Stabby plummets about one story down from the railing and hangs there, swinging around like a large animated burning cross. Apparently he was still conscious! Or maybe a second wind?

People are yelling now. How do they know who the winner was?! No time to wonder – time to go!

You guys run back the sporting goods place and grab some Gatorades and trail mix, and decide to relax in one of the tents on display. Wait for the police! I’M A FIRE MARSHALL!

So you see, kids, self defense is way more fun than.. just self.. or defense! “

What’s hilarious is that as ridiculous as that scenario sounds – it, or any variation of it, is entirely plausible.

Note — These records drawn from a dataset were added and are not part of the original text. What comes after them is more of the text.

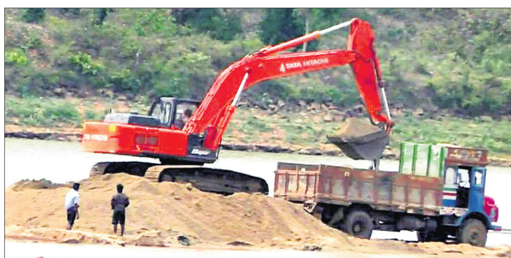
କେସିବି ସାହାଯ୍ୟରେ ବାଲି ଲୋଡ଼ କରାଯାଉଛି ।

ଧର୍ମକୁ ଆଖିରେ ସଦୃଶ । ଭଦ୍ରକ ଜିଲ୍ଲାର ଭଞ୍ଜପୋଖରୀ, ଧାମନଗର ଓ ଚାନ୍ଦବାଲି ବ୍ଲକ୍‌ରେ କିଛି ପଞ୍ଚାୟତ ଏହି ନଦୀ ଅବବାହିକାରେ ଅବସ୍ଥିତ । ପ୍ରତ୍ୟେକବର୍ଷ ବୈତରଣୀରେ ବନ୍ୟା ଆସିଲେ ମୁଖ୍ୟତଃ ଏହି ଗର୍ଭକୁ ବିଶେଷ ଭାବେ ସ୍ପଷ୍ଟ ହୋଇଥାଏ । ଏବେ ଏହି ନଦୀପଠା ବାଲି ମାଫିଆମାନଙ୍କ ପାଇଁ ଚରାଭୂଇଁ ପାଲଟିଛି । ମୁଖ୍ୟତଃ ଭଞ୍ଜପୋଖରୀ ବ୍ଲକ୍‌ର ଆଖୁଆପଦାଠାରୁ ଧାମନଗର ବ୍ଲକ୍‌ର ଦିହୁଡ଼ି ଆନନ୍ଦପୁର ପର୍ଯ୍ୟନ୍ତ ବୈତରଣୀ ନଦୀପଠାରୁ ବେଧଧକ ଭାବେ ବେଆଇନ ବାଲି ଖୋଳା ଚାଲିଛି । ପ୍ରଶାସନ ଏଥିପ୍ରତି କଠୋର ଆଭିମୁଖ୍ୟ ଘୋଷଣା କରିବା ପରିବର୍ତ୍ତେ ଲୋକ ଦେଖାଣିଆ ଚକ୍ରାନ୍ତ କରୁଛି । ମାଫିଆମାନେ ରାତି ଅଧରେ ପଠାରେ ଗାଡ଼ି ଲଗାଇ ଚଳି ଚଳି ବାଲି ଉଠାଇ ନେଉଛନ୍ତି । ଏପରିକି ନଦୀପଠାରେ
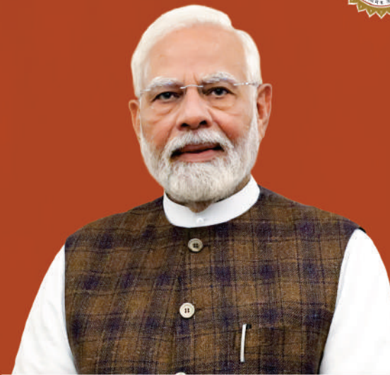
नरेन्द्र मोदी, प्रधानमंत्री
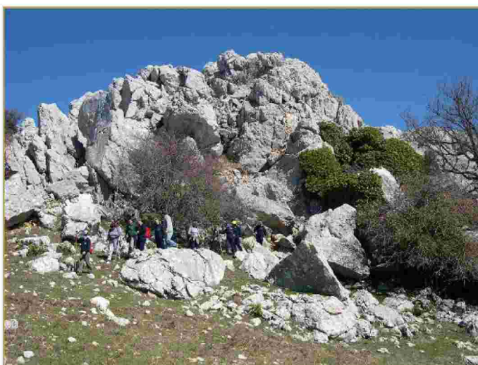
Hiedra debajo del Pico del Vilo.

Una característica importante en los recorridos es su accesibilidad desde el mismo Alfarnate y su trazado que permite combinar senderos realizando itinerarios con mayor dureza. Destacar también la posibilidad de realizarlos a caballo y en bicicleta de montaña en el caso del sendero de las Pilas.
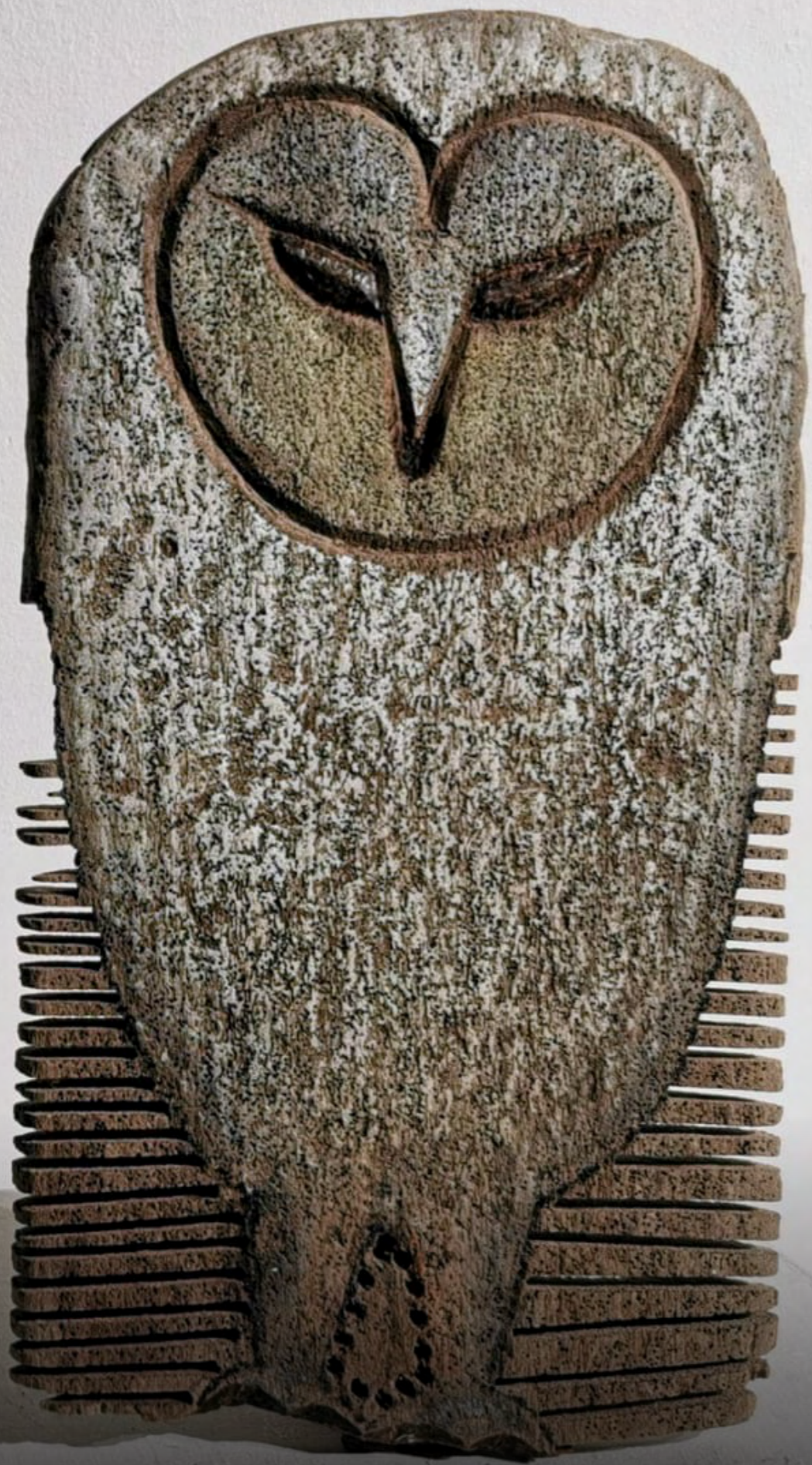
Búho, escultura en madera, 45 cms. X 35 cms
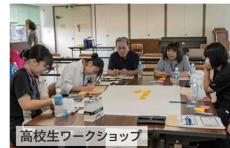
高校生ワークショップ
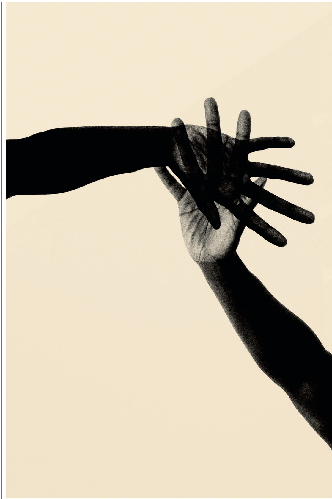
‘Hands Together’, 2018.

van de Japanse archipel vond hij het thema voor zijn fotografie. Zijn foto's gaan over sterfelijkheid, maar ze zijn niet somber, eerder troostend.
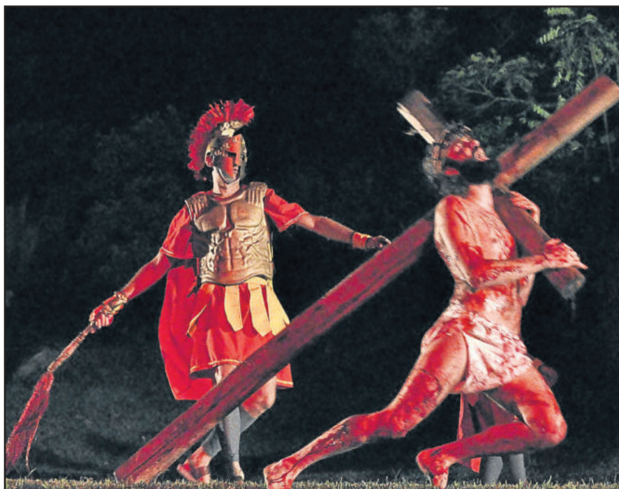
Cena em que Cristo carrega a cruz é uma das principais da encenação
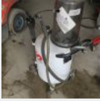
Lot n° 40 Récupérateur d'huile SAMAO, capacité 65 litres avec système aspirant, bon état général
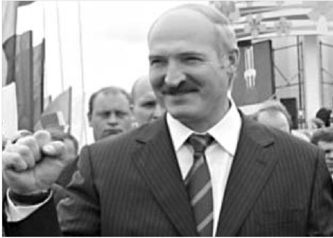
ამ დღისთვის მუშის უკან ევროპის უკანასკნელი დიქტატორი იმალემა.
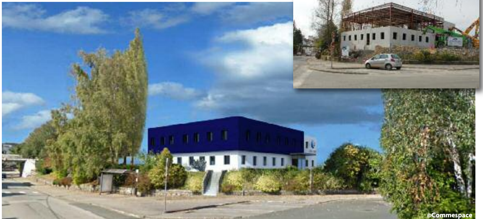
Les travaux de construction du nouveau bâtiment Pôle Emploi, après le pont de la gare, sont en cours (photo médaillon).

La société a ainsi racheté un terrain de stockage de 2 600 m 2 à Réseaux Ferrés de France, après le pont de la voie de chemin de fer, avenue Victor Hugo. Commespace a investi dans la construction de ce bâtiment de plus de 7 m de haut et 700 m 2 de surface au plancher. Avec un rez-de-chaussée en béton, un
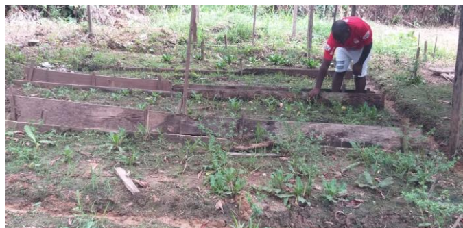
Figura 3: Proceso de siembra plantas medicinales
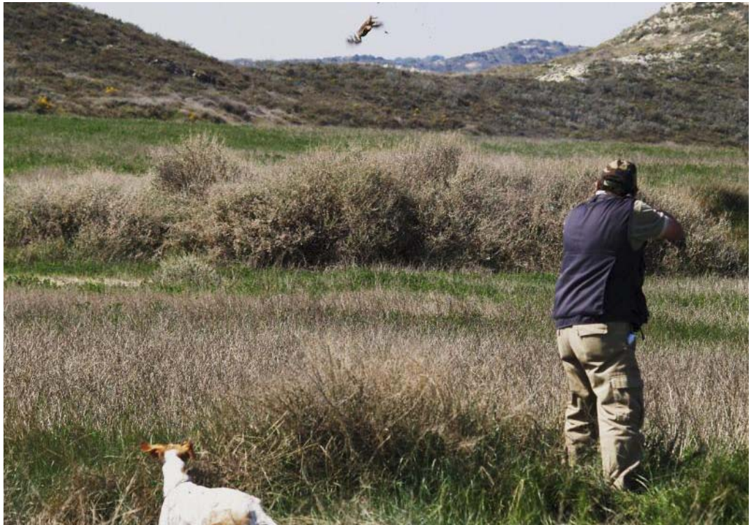
En la caza menor, el faisán también está considerado especie exótica.

Para todas estas especies alóctonas, su futuro en nuestro país resulta de tinte negro. De acuerdo con los preceptos establecidos en la ley de Patrimonio Natural y de la Biodiversidad, están llamadas a ir desapareciendo de nuestros ríos y montes poco a poco, de forma paulatina, conforme se van tomando medidas en este sentido, sea por medio de la actividad de los cazadores y pescadores o por la acción directa de las administraciones.
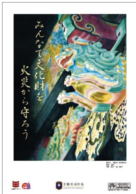
令和 6 年文化財防火啓発ポスター
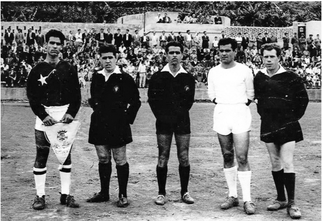
La S. D. Tenisca hace entrega de un banderín conmemorativo al Estrella, década de 1960 [SDT]
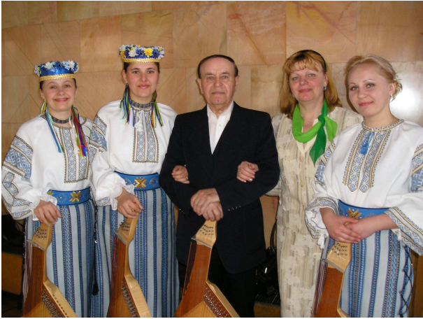
Із головою Волинської обласної організації Національної ліги українських композиторів, заслуженим діячем мистецтв України М. Стефанишином (Луцьк, Облмуздрамтеатр ім. Т. Шевченка, 2006 р.)
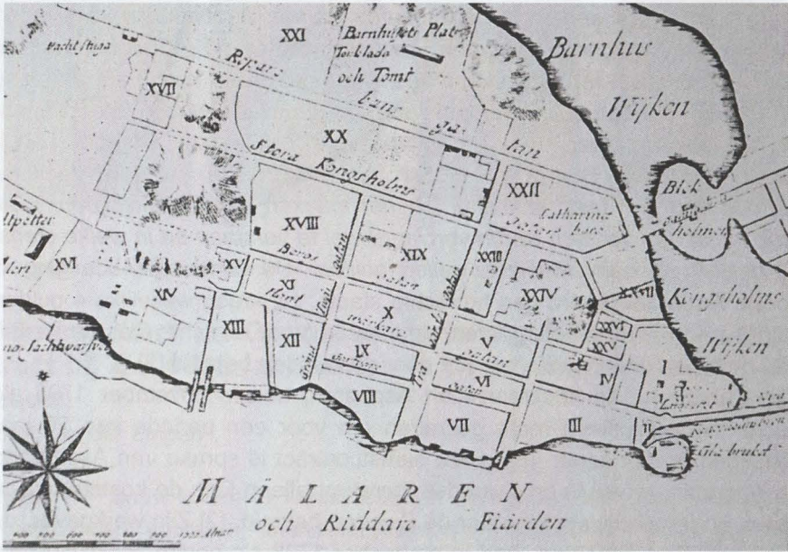
Afb. 1: Kungsholmen, Stockholm 1754 (detail) waar de fabriek van Carl Aspegren stond.

bekend is met welk onderdeel van de productie hij zich bezighield. Of hij na het aflopen van zijn jaarcontract terug keerde of in Stockholm bleef is eveneens niet bekend.

With a change of perspective.

So while you may not go to that extreme, the creative approach remains the same. A victim, after all, is someone who lacks creativity. Imagination. Inspiration. Artistry.

I think it’s better to think of martial “arts” in terms of the portrait of Violence you paint – the result – rather than the techniques used. Thinking in terms of possibilities and not techniques or moves. A “move” is just what happens when a possibility hits (moves thru) a target.

So, while it may sound deranged, the real point is to open up your reflexive field of possibility to such a point that you never feel like a.. victim.

Because there is ALWAYS so, SO much possibility everywhere.. it’s never IF, but HOW! And then once possibility opens up – now you can become an artist, picking possibilities to experiment with, since there’s so many. Signatures for the Devil to remember you by..

The evil man is by his nature born to die a victim. Never forget what nature never does.